Identification, also called supervised learning or classification, is no doubt one of the most important techniques in bioinformatics. The possibility to identify unknown organisms based upon various available experiment data sets is also a big step forward realized in BIONUMERICS, leading to more faithful consensus identifications. The same range of similarity and distance coefficients available for cluster analysis can be used for identification. In addition, state-of-the-art classifiers such as Naive Bayesian Classifiers and Support Vector Machines can be used.
Classifiers are the algorithms that perform identification or classification, i.e. the process of assigning biological samples to classes (categories) based on a training set of which the class membership is already known. The samples are analyzed based on experimental data, which can be quantitative, binary or categorical.

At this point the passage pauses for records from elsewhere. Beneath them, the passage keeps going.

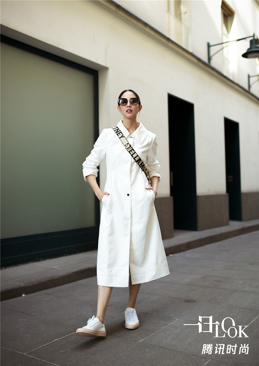 张钧甯全白look温柔大气 玩转春季街头时髦穿搭
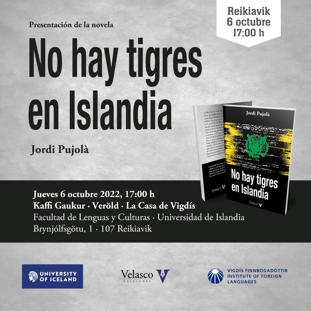 El jueves 6 de octubre, el escritor barcelonés Jordi Pujolà presentará en Reikiavik su novela No hay tigres en Islandia (Velasco Ediciones).
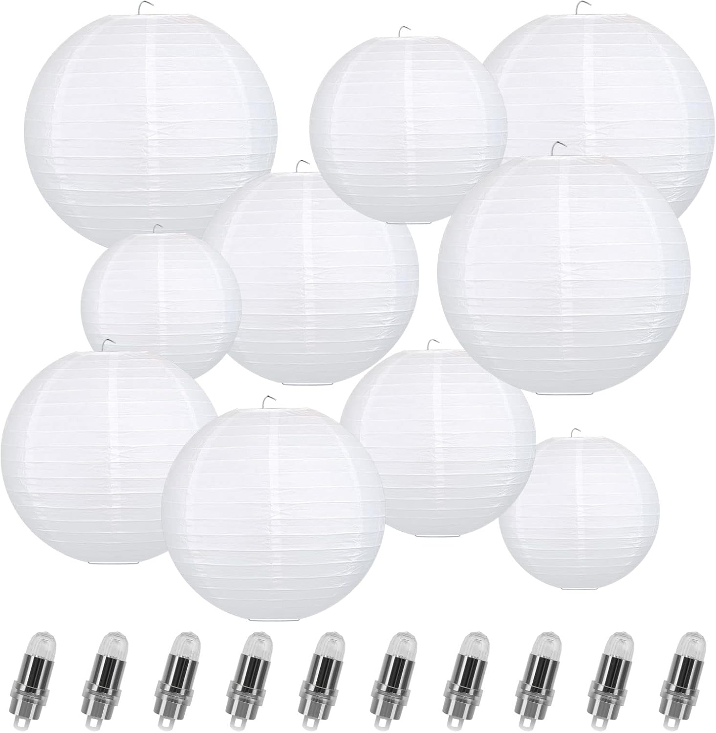 – Set includes 10 white paper lanterns in assorted sizes (6”, 8”, 10”, 12”) for a variety of decorating options.
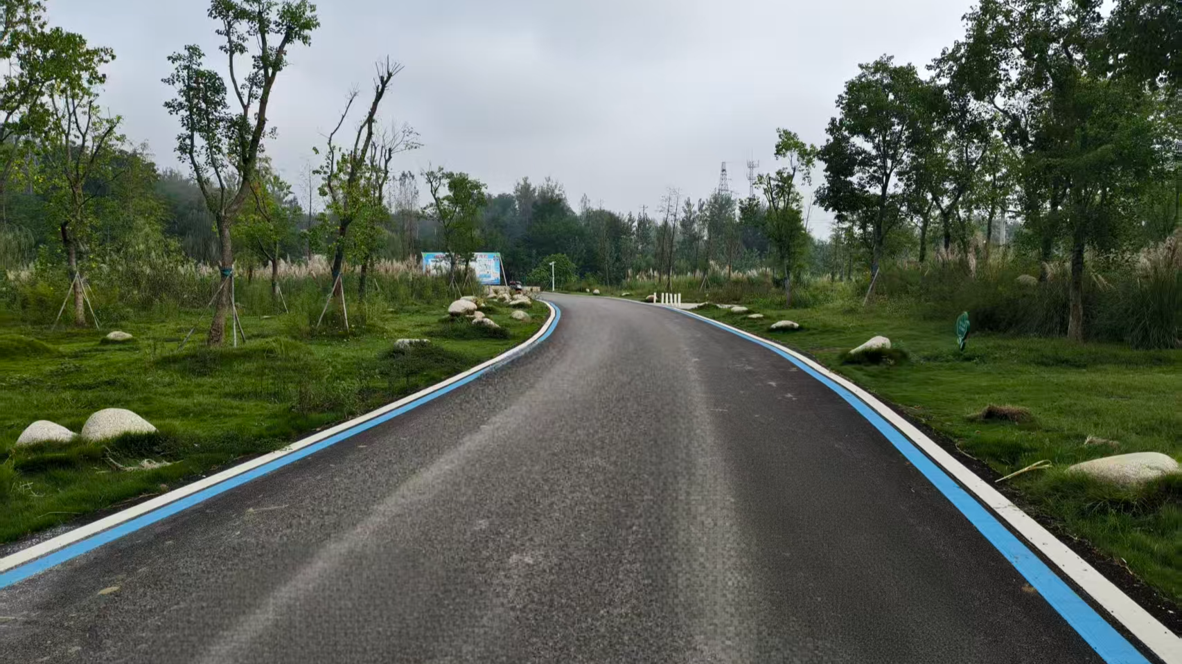 在该镇长李村樊家营景区,崭新的沥青路面平坦开阔,两侧蓝白相间的路沿石整齐划一,为景区区增添了一抹亮色。道路两旁的绿化带经过精心修剪,花草树木错落有致,与远处的青山绿水相得益彰,令人心旷神怡。

Entire BIONUMERICS databases or selections thereof can be screened using fast matching algorithms to identify batches of entries based on fingerprint, character or sequence experiments. All available similarity or distance coefficients can be used for the fast screening. Matching entries are arranged by decreasing distance with the unknowns and can be selected for further comparison e.g. using cluster analysis.
Decision networks allow automated workflows to be built that make decisions, predict features, perform queries, fill in fields, create graphs and plots, etc. They can be used for resistance prediction, in breeding research, for complex reporting or for automated analysis of multilevel and polyphasic data analysis and data sorting. It includes the option to build bifurcating decision trees.